Writer Kathryn Conti Salamone of Millsboro recently announced the release of her self-published collection.

With titles like “Make Mine al Dente” and “Summer in the City,” Salamone has brought to life her years growing up in an Italian household in Paterson, N.J., more than 60 years ago.

What started in a four-week memoir writing class at the Rehoboth Beach Historical Society became a steady stream of vignettes written over the last four years. The collection is titled “Sown in Silk City: A Life Rooted in Paterson, New Jersey.”

Soon after Kathy and her husband John moved to Millsboro in 2016 from northern New Jersey, she checked the papers for activities that caught her interest. “When I read about a memoir writing course in Rehoboth, I registered right away,” she said.

After an in-class assignment to write a six-word memoir, her memoir writing took off. “Rae Tyson of the Osher Lifelong Learning Institute of the University of Delaware encouraged me. Discovering an untapped talent in writing creative nonfiction was a happy surprise,” she said.

The result is a collection of stories about being a kid in Paterson, the city Alexander Hamilton founded as a manufacturing center in 1792. “When textiles became Paterson’s primary industry in the late 1800s, it naturally followed that its nickname became ‘Silk City,’” Salamone said.
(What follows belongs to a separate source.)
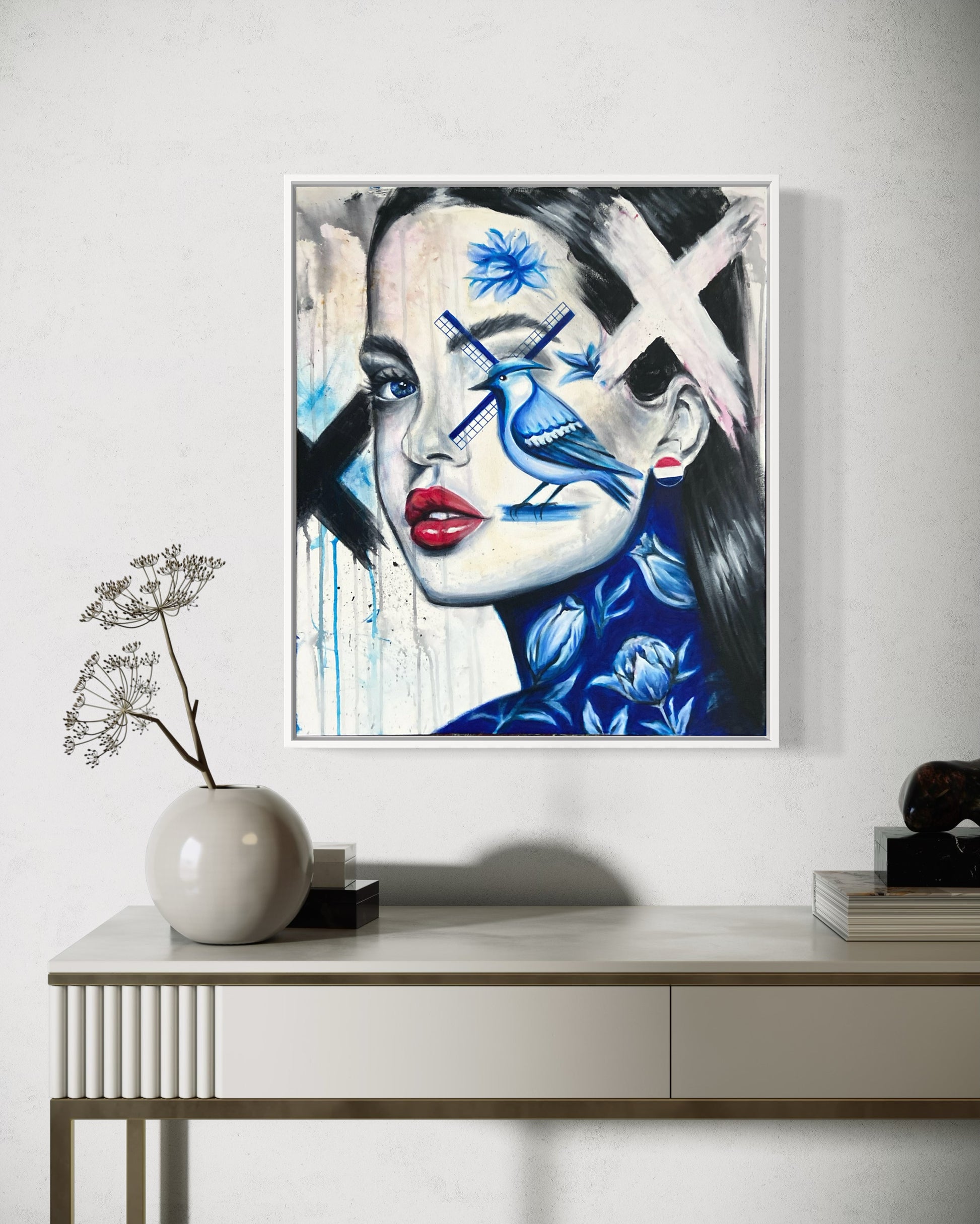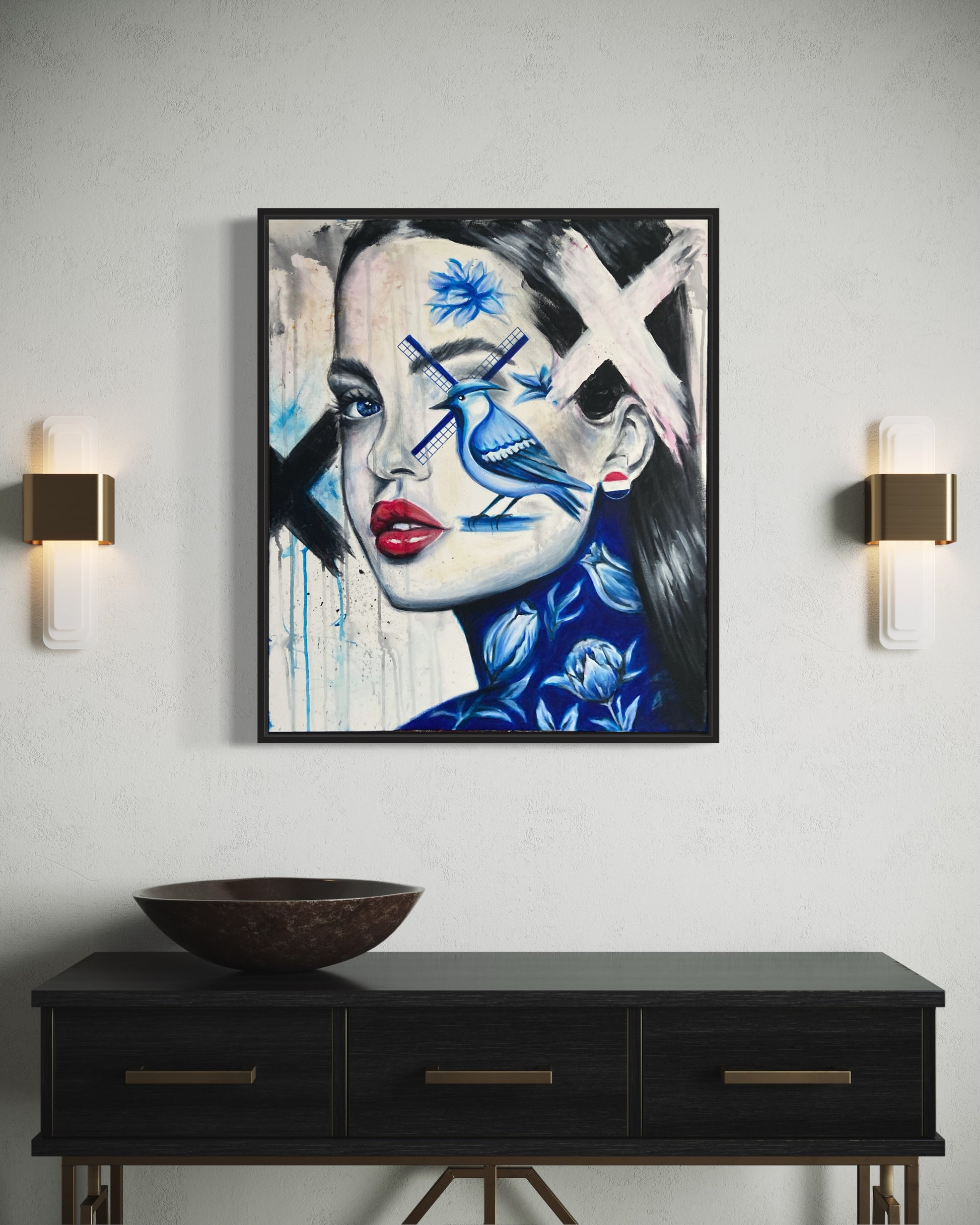 This canvas print was inspired by Netherlands, from the collection “Friendship celebration”. Immerse yourself in the rich cultural tapestry of the Netherlands with this evocative painting portrait of a Dutch woman. The artwork is infused with iconic symbols, including the Amsterdam cross logo, windmills, vibrant tulips, and a graceful bird, all elements deeply rooted in Dutch heritage. These symbols not only celebrate the beauty of the Netherlands but also convey a sense of pride and resilience. Perfect for those who appreciate art that captures the essence of Dutch culture and feminine strength.

The city thrived on its multinational immigrant population, among whom were her paternal and maternal grandparents, who settled there around 1900.

Salamone credits her sixth-grade teacher with noticing her writing skills. “At first, it was compositions in grammar school, then in high school, the school newspaper, and the yearbook. In college, I studied English literature and then earned my master’s degree,” she said.

Beginning as an associate editor of a trade publication, Salamone later wrote and edited employee publications, created and completed marketing plans, and managed internal and external communications at a multinational healthcare company and at two hospitals in New Jersey. She put her career on hold while raising her three children, but volunteered her writing talents to local organizations and did freelance writing.

Salamone said when her parents married in 1941, her Italian upbringing was set in sauce, so to speak. “I grew up in a loving household where life centered around family and food. My early life became the easiest thing in the world to write about. I have a file of other vignettes I hope to publish in another collection,” she said.

”Sown in Silk City” features vintage photos of Salamone’s family members that capture the Italian American experience. It can be ordered through Amazon as a print version and an eBook on Kindle.